暴力的なチェリーボーイ④
あんな物言いをし、それが憶測の範囲を飛び出ることがないのにもかかわらず、断定的に言った自分なのにもかかわらず、それから一週間ほどの自分は深夜、胡乃葉が眠りに落ちた後の部屋を独占して映像を観ることをし、そして静寂と胡乃葉のシャンプーの甘い匂いが自分を包むくらいに映像を観続けたあと、裸足になり床のひんやりとした冷たさを感じながら、マスターのいるBARに行き温かい緑茶を煎れてもらう――そんな生活が続いていた。
前日にあんな物言いをしてしまった自分とマスターとの関係に、あまり変化らしい変化は感じられなかった。少なくとも、自分としては。互いにBARというこの列車内での隠れ家的居場所を壊したくなかったのだろう。記憶の忘却によって意識が遠のくことのない〝普通の会話〟しか我々の間には交わされなかった。昨日の互いの物言いについて言い合うには少しだけ空間の緊張感が解けてしまったようにも思えるから。
言い合いをするには不向きな深夜帯という時間にこの一週間、自分はBARに出向くことを続けた。
ここが列車の中であることを思い出させる微震によって、マスターの背後に存在する食器棚の中の食器やらグラスやらがコツンコツンと触れ合いぶつかり合う音が心地良かった。

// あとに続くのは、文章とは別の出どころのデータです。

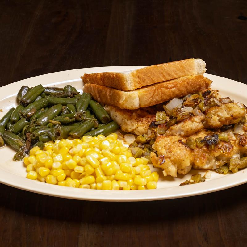 Hand-breaded chicken strips smothered with sauteed onions, green chilis.

そんな一週間の生活というのは、もし時間を元に巻き戻すことのできる能力を持っている人間がこの世界に居たとしても、本当に時間を巻き戻したのか分からなくなってしまうほどにルーティン化されていた。いいや、それ以外の生活の仕方が分からないというのもあるが。

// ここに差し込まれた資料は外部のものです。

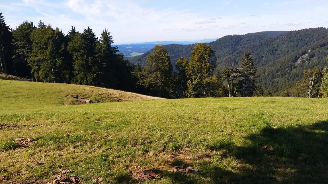 Oben auf dem Rohrhardsberg angekommen, werden wir mit einem grandiosen Ausblick belohnt. Vor uns liegt das Rheintal, weit ausgebreitet und bei klarer Sicht bis zu den Vogesen erkennbar. Die Landschaft wirkt wie ein riesiges Mosaik aus Weinbergen, Dörfern und Flussläufen. Wir verweilen einige Minuten, lassen den Blick schweifen und genießen das Gefühl, den höchsten Punkt der Etappe erreicht zu haben. Hier oben offenbart sich die ganze Weite des Schwarzwaldes - und mit etwas Glück erblicken wir sogar das Straßburger Münster, das wie eine kleine Spitze am Horizont auftaucht. Ein Fernglas mitzunehmen lohnt sich, um dieses besondere Detail noch klarer erkennen zu können.Aussicht - Schwäbische Alb

――自分の目の前には、いつものようにノートパソコンの煌々としたディスプレイが見えている。静寂と胡乃葉の甘いシャンプーの匂いをありありと感じるその感覚が、いつもの時間帯のいつもの映像確認作業であることをありありと知らせる。
ノートパソコンに入っているファイル〝1〟からファイル〝10〟までの小分けにされた映像はもう全てこの一週間で擦り切れるほど観尽くした。ファイルを開く前から自分は決めていた。今日でこの生活は一旦終わりにしよう、と。そして自分は一瞬、隣で眠っている胡乃葉の無垢な寝顔を見つめたあと、ファイルを開いた。
その時、自分は今までとは全く違う、砂嵐の中に意識が飲み込まれるような感覚を強く覚えた。一瞬ぐらっと意識が揺らいだ。
その感覚は次第に強くなっていって、段々と朧気になっていく意識の中で自分の身体が痙攣していることに気づいた。
身体が熱いっ、頭が熱いっ――。
自分はこのとき何故か、自分が砂漠にいて、そして目の前には壮大な砂嵐が自分に向かって迫っているイメージをふと感じ取った。
そんな想像が頭の中に広がってすぐに、自分の意識は現実を手放し混濁へと落ちた。
……急に頭の中が静かになった。壮大な砂嵐が自分に向かって迫っているイメージも後味を残すことなく去っていった。真っ暗な空間の中に放り出され、何も視界では捉えられないながらも、静寂の中に人間の鼓動を感じた。さっきまで自分のベットに座っていたはずなのに今の自分は……立っていた。待てよ? そう思い自分はやっと、下を向き頭を俯かせている体勢の自分を起こした。頭を上げた。
辿り着いたそこは、自分が映像で観ていた雪よりも白い取調室その場所だった。